Length materials and appliances
Specimens (insects, plants, etc.) ), formaldehyde, urea, glacial acetic acid, 25% NaOH solution, colored ink, balance (or scale), electric stove (or other heat source), water bath pot (or ordinary pot), iron shelf, iron clip, medicine spoon, measuring cylinder, conical flask, warm juice, glass rod, plastic mold and dryer.
2. Method steps
(1) May ~ 10 should be selected every year, when the ambient temperature is high and the resin synthesis speed is fast.
(2) Prepare urea-formaldehyde monomer, take 63g urea and 180ml formaldehyde, put them in a conical flask, and add 5 drops of 25% NaOH solution to stir. Heat quickly in a water bath. When the temperature rises to 90℃, add 30 drops of glacial acetic acid. When the temperature rises to 100℃, stop heating. Keep the reaction temperature (above 95℃) for 5min, and then continue heating. Immerse the liquid in clear water with a glass rod. When the liquid drops disperse in a cloud shape, immediately add 30 drops of 25% NaOH solution and stop heating. Add 1 drop of color ink to make color urea-formaldehyde monomer. Urea-formaldehyde monomer is far away from strong acid and alkali. Storage time shall not exceed 50 days.

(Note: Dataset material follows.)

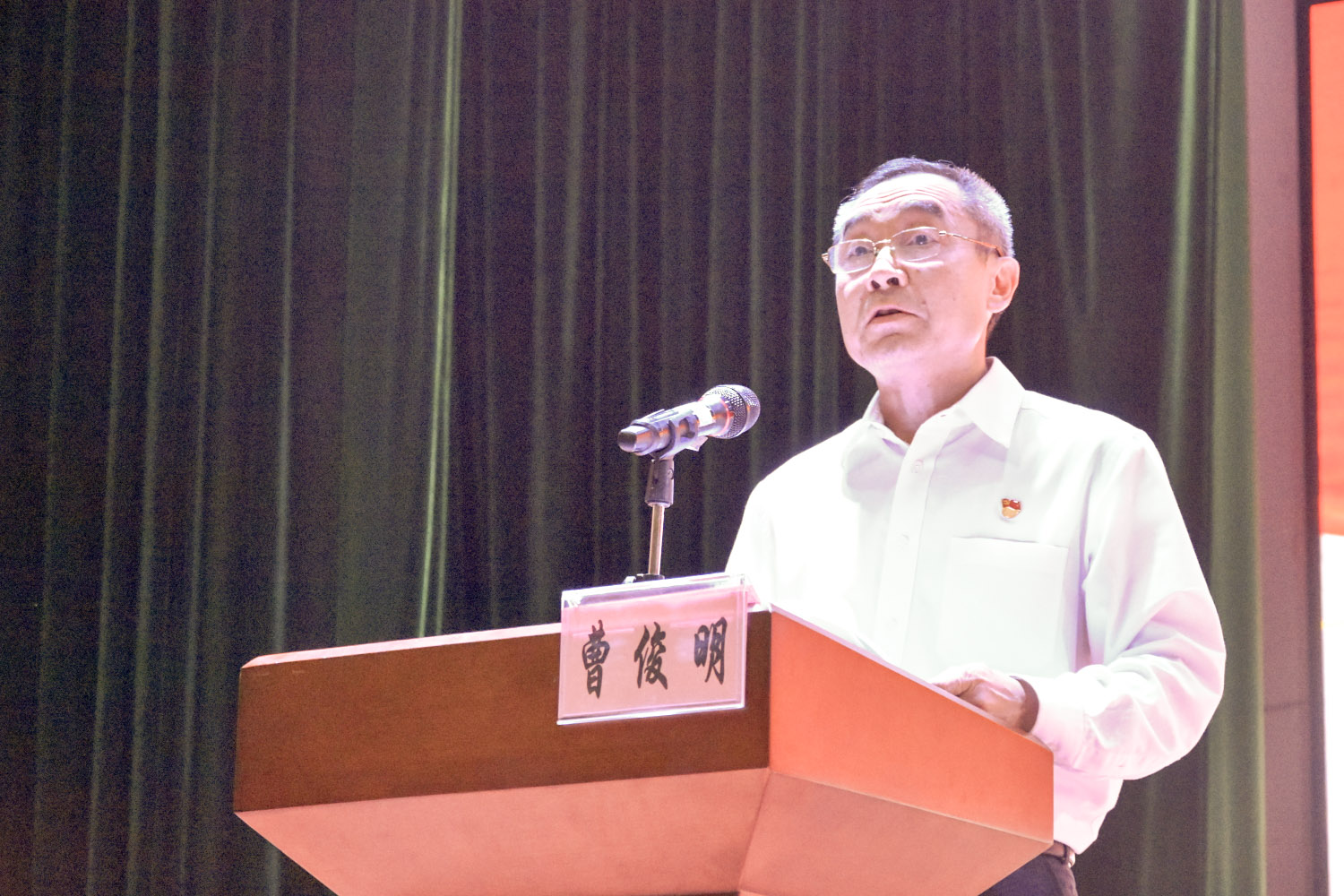 曹俊明发表了讲话,对学校十年来青马工程和首届鸿鹄计划学生干部培训班的成果给予了肯定,对开展好青马工程和学生干部培训提出了三点希望和要求:一是加强政治理论学习,坚定理想信念。在各类活动中高举旗帜、亮明身份、做好表率,发挥青马学员和学生干部的示范引领作用,带动同学们创先争优。二是爱党爱国爱校,让青春在奋斗中出彩。在报效祖国、服务人民、奉献社会的过程中实现自身的成长发展,在奋斗中让青春飞扬、绽放出更加绚丽的光彩。三是努力锤炼本领,担当时代赋予的神圣重任。要把学习作为一种责任、一种精神追求、一种生活方式,让增长本领成为青春搏击的能量,在学校里努力学习掌握科学知识,锤炼过硬本领,使自己的思维视野、思想观念、认识水平跟上时代发展。最后,曹俊明号召同学们唱响“同人民一起开拓、同祖国一起奋进”的时代最强音,闻鸡起舞、日夜兼程,努力学习,开拓创新,在建设国内一流国际知名高水平海洋大学、实现中华民族伟大复兴中国梦的征程中放飞青春梦想、创造新的辉煌!

(3) Synthetic resin Take 20 parts of urea-formaldehyde monomer, add 1 part of glacial acetic acid, mix and fully stir to polymerize into urea-formaldehyde resin. Dolphin aldehyde resin should be synthesized the day before pouring the bottom plate, embedding the specimen or covering the top plate. Let it stand for one day after synthesis to remove bubbles and impurities.

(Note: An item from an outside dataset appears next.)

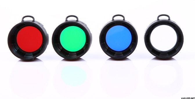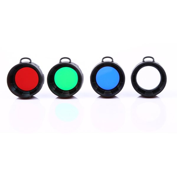 Made of rugged TPU, these filters slip over the head of the flashlight and are available in red, green and blue colors as well as a white diffuser.  They are useful for navigating at night, hunting, law enforcement, and military applications, among others.  Red light is commonly used to help to preserve night vision and also reduces the probability of alerting game animals, which generally do not pick up red light as well.  While also difficult for animals to see, green light additionally helps people with enhanced visual acuity as our eyes are more receptive to green light.  Blue is often used by law enforcement to increase the visibility of sweat and blood, which also helps hunters with tracking animals.  The white diffuser provides softer area light.  Filters are available in different sizes to fit multiple Olight flashlights.
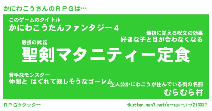 | ファンタジー風あだ名 | 『カニフェル』『エターナルカニワコウー』 |

(4) The pouring bottom plate should be made of a plastic mold with a certain hardness that does not react with urea-formaldehyde resin, and the surface of the mold should be smooth. The size of the mold depends on the size of the specimen, which is slightly larger than the specimen. Wipe the mold clean before pouring the bottom plate. When casting, the urea-formaldehyde resin synthesized the day before was poured into the mold along the glass rod. The thickness shall not exceed 5mm, and the bottom plate shall be put into the dryer after pouring.

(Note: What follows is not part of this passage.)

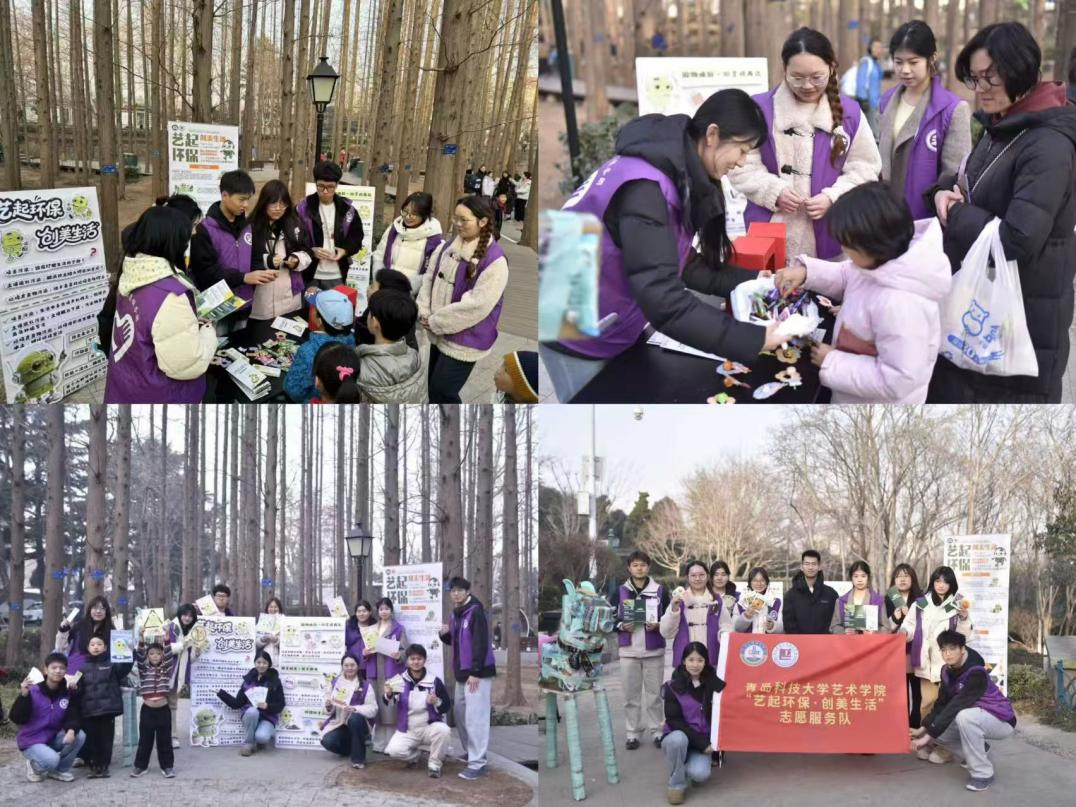 艺心守护绿色,行动践行担当。在团委老师的带领下,青年学子走进公园,将专业优势与环保志愿服务深度融合。围绕噪声污染、土壤退化、垃圾分类等环保主题,制作了科普展板与宣传页,用活泼的卡通形象和清晰的图文,把专业知识转化为通俗易懂的环保语言,让环保理念变得生动可感。志愿者们耐心讲解环保小知识,通过“废物利用手工DIY”等互动小游戏,引导大家在趣味体验中学习垃圾分类技巧,将雷锋精神融入守护绿水青山的点滴实践。

(5) On the third day after the embedded samples are poured on the bottom plate, the fresh samples (such as insects, plants, etc.) collected in advance are soaked in the newly prepared urea-formaldehyde resin. Attention should be paid to posing in time, and plant specimens should be color-preserved before embedding. On the fourth day, the bottom plate in the mold hardened. At this point, put the above specimen on the bottom plate and then put it back in the dryer. After 2 days, the specimen was firmly adhered to the bottom plate, and then the specimen was embedded. It is advisable to pour the resin no more than 5mm at a time, and put it into the dryer after pouring. After 3 days, when the resin hardens, the second and third layers are poured again ... This process is repeated until all specimens are embedded. But if it is a LEPIDOPTERA specimen, the dam must be embedded at one time.
(6) After all specimens of the top cover are sealed and buried, the upper resin hardens, then the top layer of 5mm is poured and put into the dryer. When the specimen is hardened and pressed without imprint, the amber specimen is taken out of the mold.
(7) Tissue Specimens Amber specimens made by this method are crystal clear and lifelike. Generally, you only need to modify the edges slightly. Conditional mold polishing effect is better.
(8) Save the specimen. Store amber in a special specimen box. Avoid contact with strong acid and alkali during storage and keep the air dry.